Episode 3: Relationships


First, lets explain a relationship

The simpliest relationship there is in the Common data service is account to contact An account can have 0, 1 or more contacts. You could infer properties of the contact to be the same as the account. This relationship in CDS is called a 1 to many relationship if you take the relationship from the prospective of the account.

From the contact, this is a many to one relationship, as many contacts will be associated with the same account. The same relationship, looking at the contact, would be a many to one relationship

If, and this is pretty standard, a contact may have a relationship to many accounts, you can create a many-to-many relationship. This way, a intermediary table holds two relationships between the two entities in question.

Going back to my solution, select my entity I have been creating and then relationships.

As you can see, there are already a lot of relationships. These are created for you as you created the entity and selected some options. Connected From and To for example is because we ticked the box to Enable connections on the entity.

Select Add relationship, then start with a Many-to-one. On the right hand side, you firstly need to select the related entity. As we are creating a many-to-one, where MyThing entity is the child, CDS will create a new lookup field on the child entity and give it a name and label both of which you are welcome to change

In the general section, this is the name of your relationship itself. The default is very long winded, so I would advise to shorten to something more useful.

Advanced options are where the relationship behaviour is defined. This is a set of options to automatically control the relationship. Parental is the default, but to understand what this means, lets look at all the options available in Custom

The first is Delete. If the parent entity is deleted, what do you want to happen to the child? Delete the child as well when the business logic does not need orphaned records (for opporunity and opportunity lines for example) . Remove link will just make the child link to the parent null. Restrict will prevent the parent from being deleted if there are active child records present.

The second is Share. The options here either share the child record with the same as who has just had the parent record shared with them (would work with account and opportunities for example), share only active records with them, share only those records owned by the owner of the parent record.
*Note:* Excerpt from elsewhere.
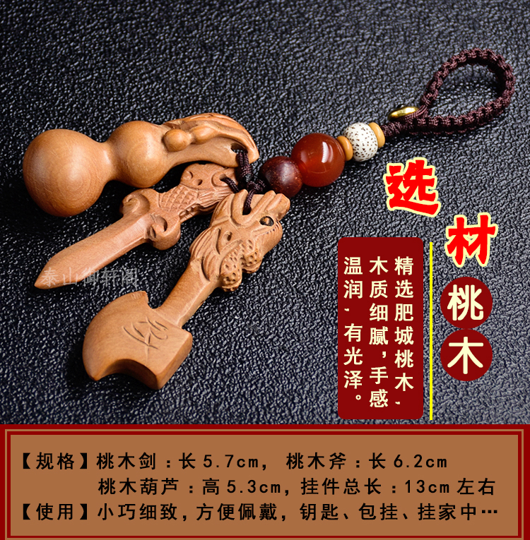 - 桃木龙头剑+斧+葫芦(红)6cm
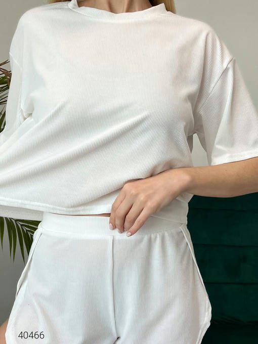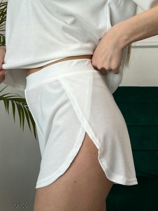 Пижама женская. Футболка и шорты с разрезами по бокам. Ткань: турецкий трикотаж рубчик.

None ensure that the share doesn’t get cascaded.

Reparent is next, this works exactly the same as share, either changing the owner on all, active or user owned or none of the child records.

Assignment works the same as share, if the parent record is assigned, do you want to assign all / active / user owned or none of the child records. This could work with tasks associated with cases.

Finally unshare, which is the opposite of share.

There are 2 standard options available to you as well, namely Referential and Parental.

Referential has Cascade None for each of the Assign, Share, Unshare and reparent but with Delete as remove link or restrict

Parental has Cascade All for all options, including delete.

A word of caution here, a child entity can have only 1 parental entity, where you can cascade sharing or assigning. If there are 2 relationships, you will have to decide which one is the one you would like to use to cascade logic.

Relationship configured, I will hit Done. The new relationship is highlighted in bold.

I will quickly create a many to many relationship. Here after selected the related entity, you get to enter a relationship name as normal (noting the physical table name) and the new entity name you would like to create to serve as your intermediary table. Not there are no behaviour options here.

Finally through the one to many relationship. This behaves the same as the many to one, but you are creating the lookup field on the child entity, which is the entity you select. You have the option to select behaviour type here as well.

Hit Save entity to commit your changes to your environment.

Going back to the solution, you can see it has automatically included the three entities I chose as related entities to my solution, as we are configuring them as well.